Sur la carte IGN 2509 Ouest Nesle au 1 / 25 000e (1987 édition 3) les toponymes qui rappellent l’existence de mégalithes sont nombreux et remarquablement disséminés.

10 "Borne", 1 "Leu", 3 "Loup", 1 "Renard", 2 "Chat", 1 "Caille", 1 "Clou", soit 19 témoins qui viennent probablement de l’époque préceltique et de l’époque gauloise. Deux couples de noms sont très proches et pourraient avoir été associés au même monument : "Sole des Loups" et "Prés des Champs de Loups" entre Libermont et Esmery-Hallon, ainsi que le "Riez aux Loups" et "la Borne à Moutons" entre Y et Croix Moligneaux.

17 localisations donc qui se répartissent sur les 260km² de la carte. La densité des mégalithes enregistrés dans la mémoire collective est de 1 pour 16,25km².

En maillant les toponymes de proche en proche par des segments qui ne se recoupent pas, la distance moyenne des 37 espacements mesurés est de 4,3km, avec un écart type de 1,5km [pour autant que la distribution de l’échantillon soit normale].

Faut-il alors voir dans ces mégalithes des jalons rythmant la marche humaine d’heure en heure et donnant les directions à ceux qui savaient les reconnaître ? Sont-ils à l’origine de la lieue ? Au-delà des cultes, a-t-on affaire aux ancêtres des bornes kilométriques ?
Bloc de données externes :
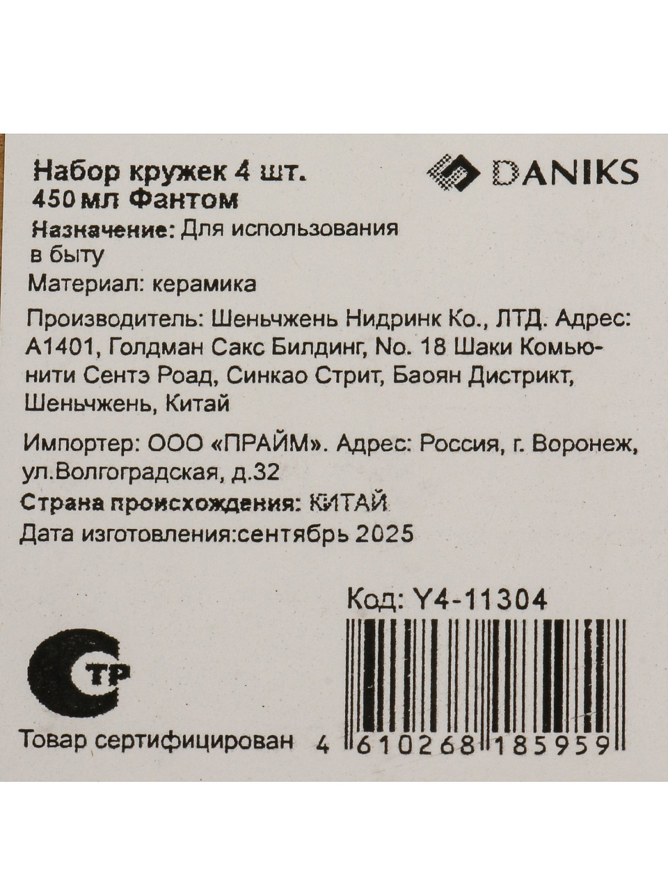 Вы можете приобрести «Набор кружек керамика, 4 шт, 450 мл, Фантом, Daniks, Y4-11304» и другие товары в нашем интернет-магазине в Ярославле по низким ценам и с бесплатным самовывозом.

Pour aller plus loin dans cette idée, il faudrait explorer les autres cartes, les données enregistrées sur le cadastre, observer ce qui se passe dans des zones plus tourmentées que la Picardie, partir en quête des vestiges...

Illustration_du_maillage

A retrouver sur Internet : Jean Michel Hermans, Toponymes liés aux mégalithes en région parisienne.

N.B. D’autres monuments pourraient aussi avoir un rôle particulier comme les tombes dont on retrouve les toponymes suivants sur la même carte : 4 "la Tombelle", 1 "le Tomblet", 1 "contre la Tombelle", 1 "la Pâture de la Tombelle", 1 "Sole de l’Arbre de Tombeau de Roboam", 1 "Sole du Tombeau de Roboam".